MODEL OF THE FIELD LINE RANDOM WALK EVOLUTION AND APPROACH TO ASYMPTOTIC DIFFUSION IN MAGNETIC TURBULENCE

Abstract

The turbulent random walk of magnetic field lines plays an important role in the transport of plasmas and energetic particles in a wide variety of astrophysical situations, but most theoretical work has concentrated on determination of the asymptotic field line diffusion coefficient. Here we consider the evolution with distance of the field line random walk using a general ordinary differential equation (ODE), which for most cases of interest in astrophysics describes a transition from free streaming to asymptotic diffusion. By challenging theories of asymptotic diffusion to also describe the evolution, one gains insight on how accurately they describe the random walk process. Previous theoretical work has effectively involved closure of the ODE, often by assuming Corrsin's hypothesis and a Gaussian displacement distribution. Approaches that use quasilinear theory and prescribe the mean squared displacement Δx 2 according to free streaming (random ballistic decorrelation, RBD) or asymptotic diffusion (diffusive decorrelation, DD) can match computer simulation results, but only over specific parameter ranges, with no obvious marker of the range of validity.
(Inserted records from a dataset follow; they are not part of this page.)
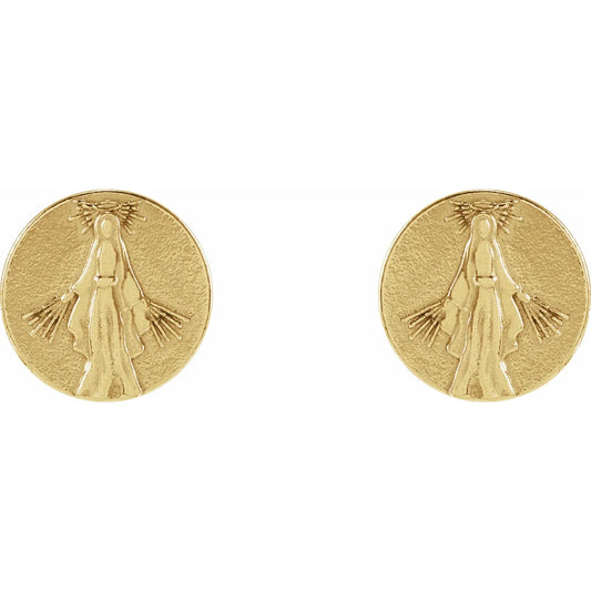14K Yellow Tiny Miraculous Medal Stud Earrings
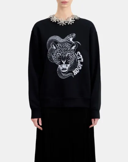 Robe Femme type sweatshirt noire lavé avec sérigraphie Barking dog
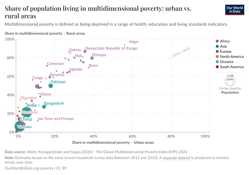 The chart shows that the share of people living in multidimensional poverty is higher in rural areas than in urban areas, but the extent of this gap varies considerably across countries.
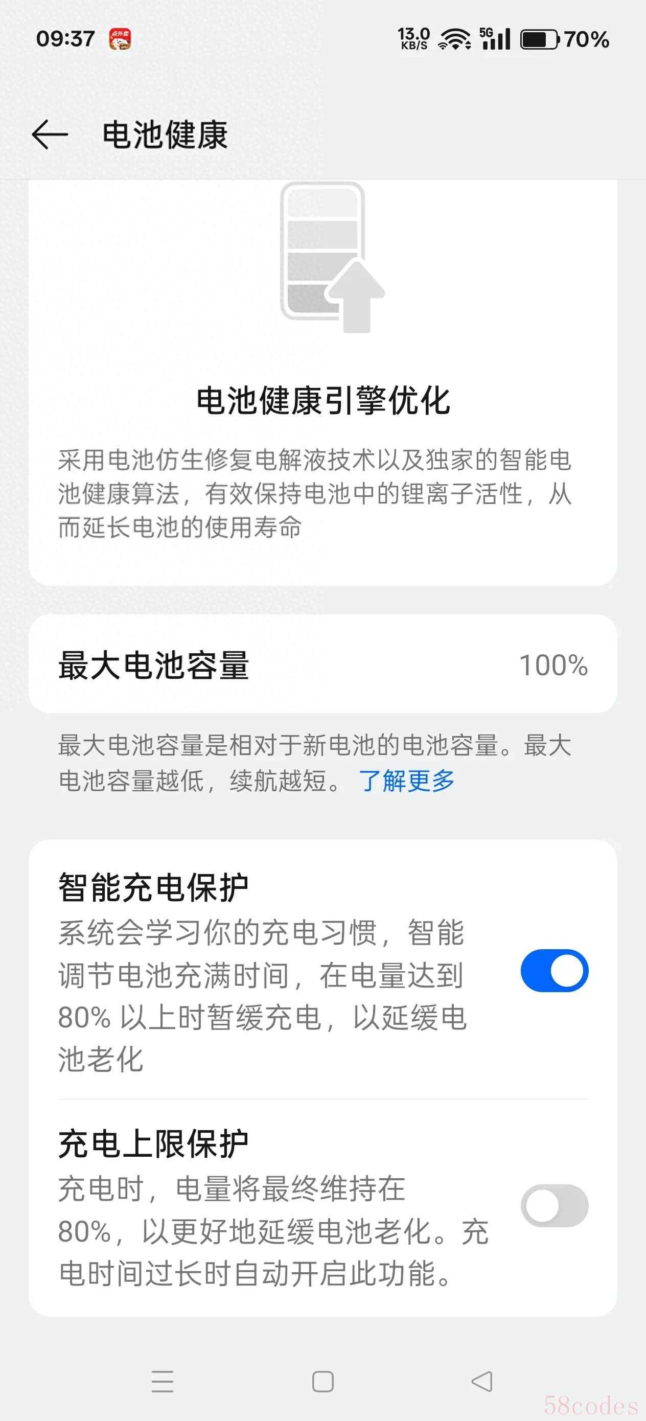 首先打开设置找到电池选项,打开电池健康度可以看到几个选项,打开智能充电选项,可以延缓电池老化。如果你对电池健康度要求更高也可以打开充电上限选项,这样手机电池将一直维持在80%,能更好的保护电池,不过续航也会相应的缩短。
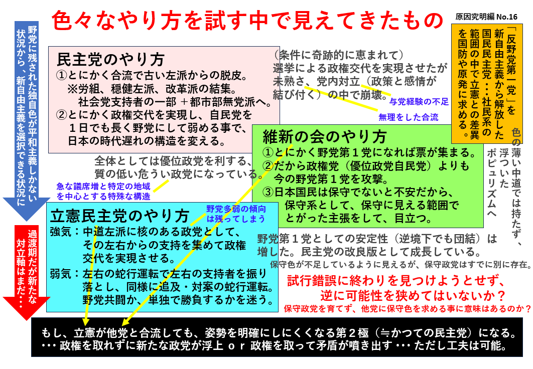 色々なやり方を試す中で見えてきたもの(民主党、維新の会、国民民主党、立憲民主党)

Here we make use of a unified description in which the ODE determines Δx 2 self-consistently, providing a natural transition between the assumptions of RBD and DD. We find that the minimum kurtosis of the displacement distribution provides a good indicator of whether the self-consistent ODE is applicable, i.e., inaccuracy of the self-consistent ODE is associated with non-Gaussian displacement distributions.